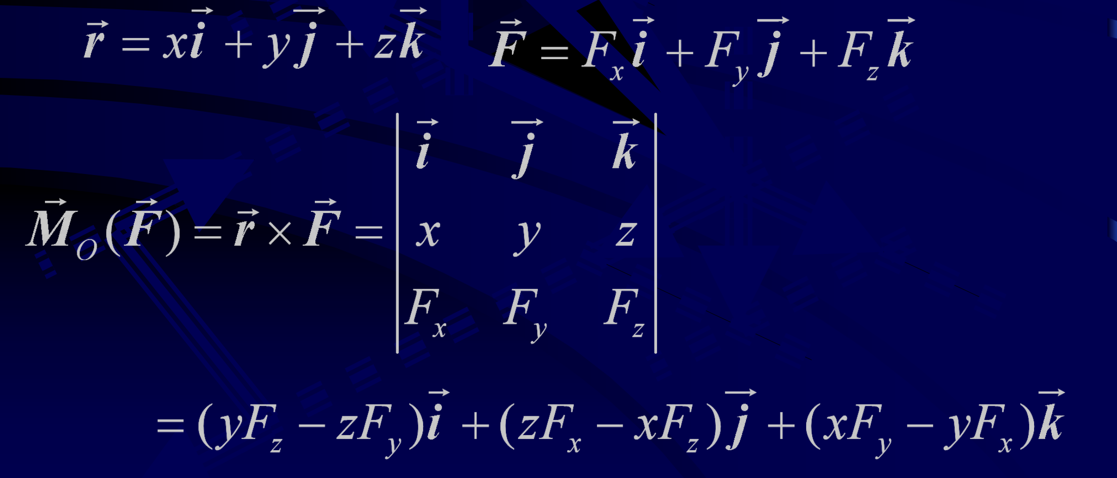 • 空间力系因力偶作用面的方位可能各不相同,故把力偶用矢量表示。
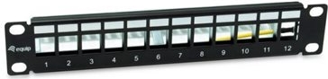Das Patch-Panel für die digitale Datenkommunikation ist mit seinen 12 Ports und abgeschirmten Keystone-Öffnungen für ein effizientes Netzwerkmanagement ausgelegt. Diese rackmontierbare Einheit besteht aus strapazierfähigem Stahl und gewährleistet eine zuverlässige Installation. Die mitgelieferte Stützstange erleichtert den Einbau in Standard-Racks bei einer Höhe von nur 1 Rack-Einheit. Dank der Snap-In-Installation lässt sich das Panel schnell und problemlos einrichten und eignet sich somit für organisierte Verkabelungslösungen in verschiedenen Umgebungen.
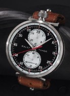 表盘“十二点钟”位置的30分钟计时小表盘,与“六点钟”位置的小秒针表盘纵向对齐,令人不禁回想起美耐华表厂的经典之作——Rally Timer计时码表。表盘中央的红色计时秒针,沿着表圈外缘的测速刻度轻盈跳动,可用于测算固定距离内的速度。
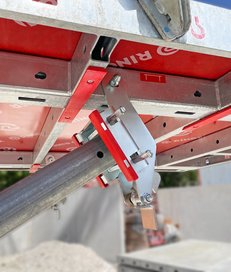 > Verschiedene Abschnitte dieses umfangreichen Projekts zeichnen sich durch ihre beeindruckenden Ausmaße aus. Insbesondere eine aussteifende Wand, erforderlich zur Abtragung einer sehr großen Last in diesem Bereich, erreichte beeindruckende Dimensionen von 12m Länge, 6m Höhe und einer Stärke von 85cm. Das RINGER Doppelgeländer-Gerüst diente dabei sowohl als Bewehrungsgerüst als auch als Arbeitsgerüst für die Betonierarbeiten.
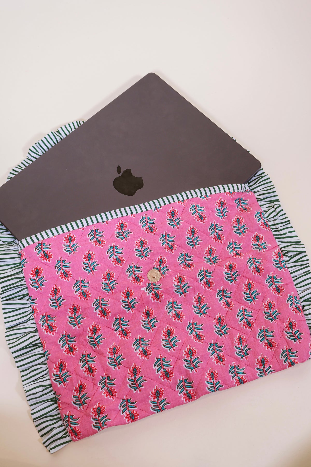 Carry your tech in style with this charming floral sleeve. Designed in a pink and green floral fabric with a sweet bow accent, it blends functionality with a touch of feminine flair. Soft yet durable, it protects your device while looking chic on the go. Fits most tablets and laptops up to 19".
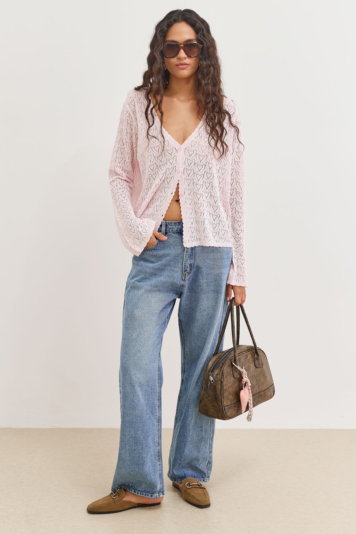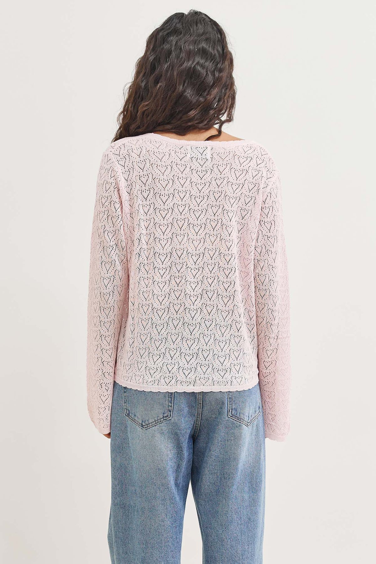 קרדיגן סריג טרייסי דוגמת לבבות | ורוד בהיר
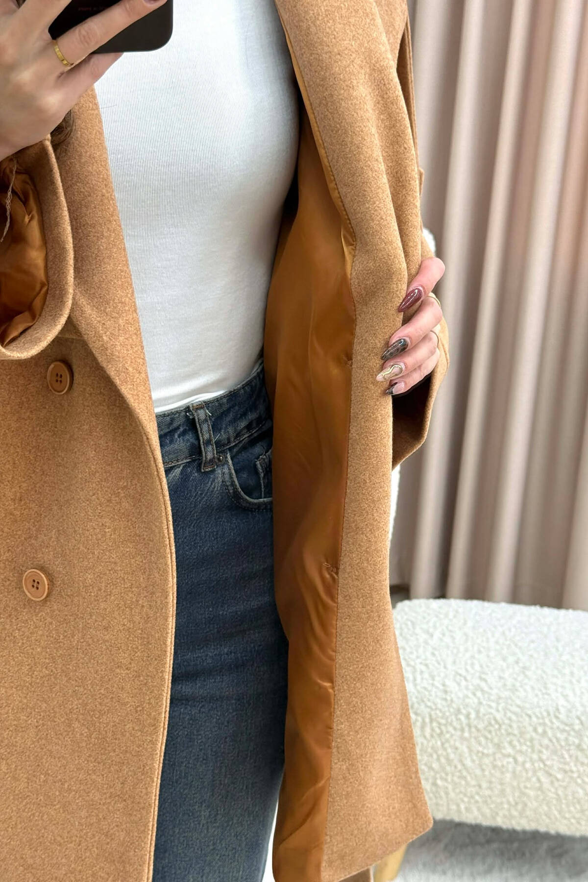 GOLD BUTTONS DETAIL SIMPLE WOMEN COAT CREAM/KREM
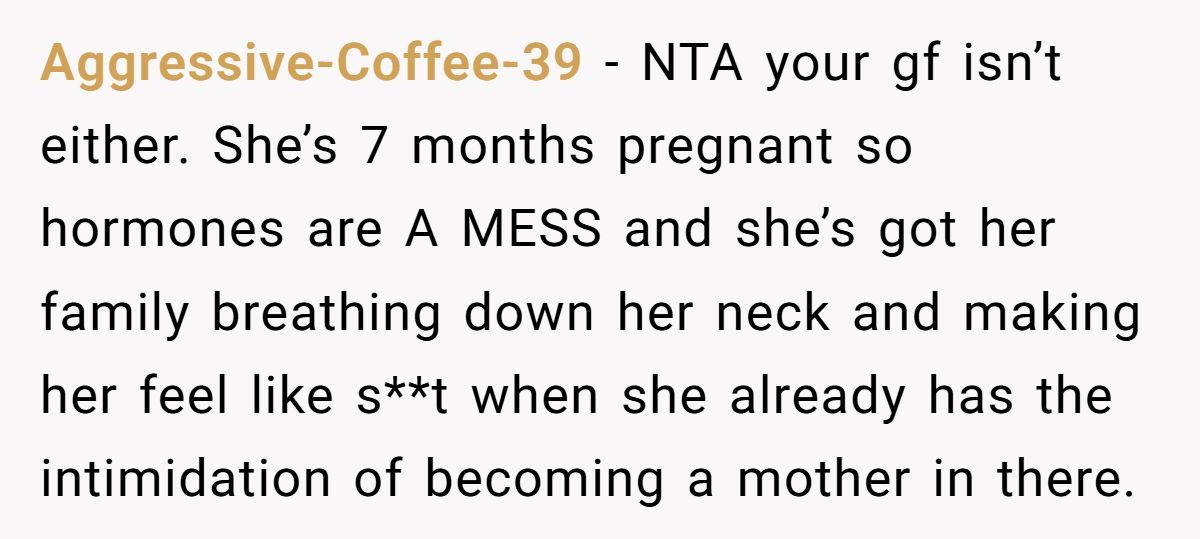This commenter noted the girlfriend’s hormonal stress and parental pressure, calling her situation tough but not the Redditor’s fault

Exercise directions => The response should be the lines from the one containing "קרדיגן סריג טרייסי דוגמת לבבות | ורוד בהיר" through the final line of the records, reproduced exactly and with every picture left out.

Problem solution =>
 קרדיגן סריג טרייסי דוגמת לבבות | ורוד בהיר
 GOLD BUTTONS DETAIL SIMPLE WOMEN COAT CREAM/KREM
This commenter noted the girlfriend’s hormonal stress and parental pressure, calling her situation tough but not the Redditor’s fault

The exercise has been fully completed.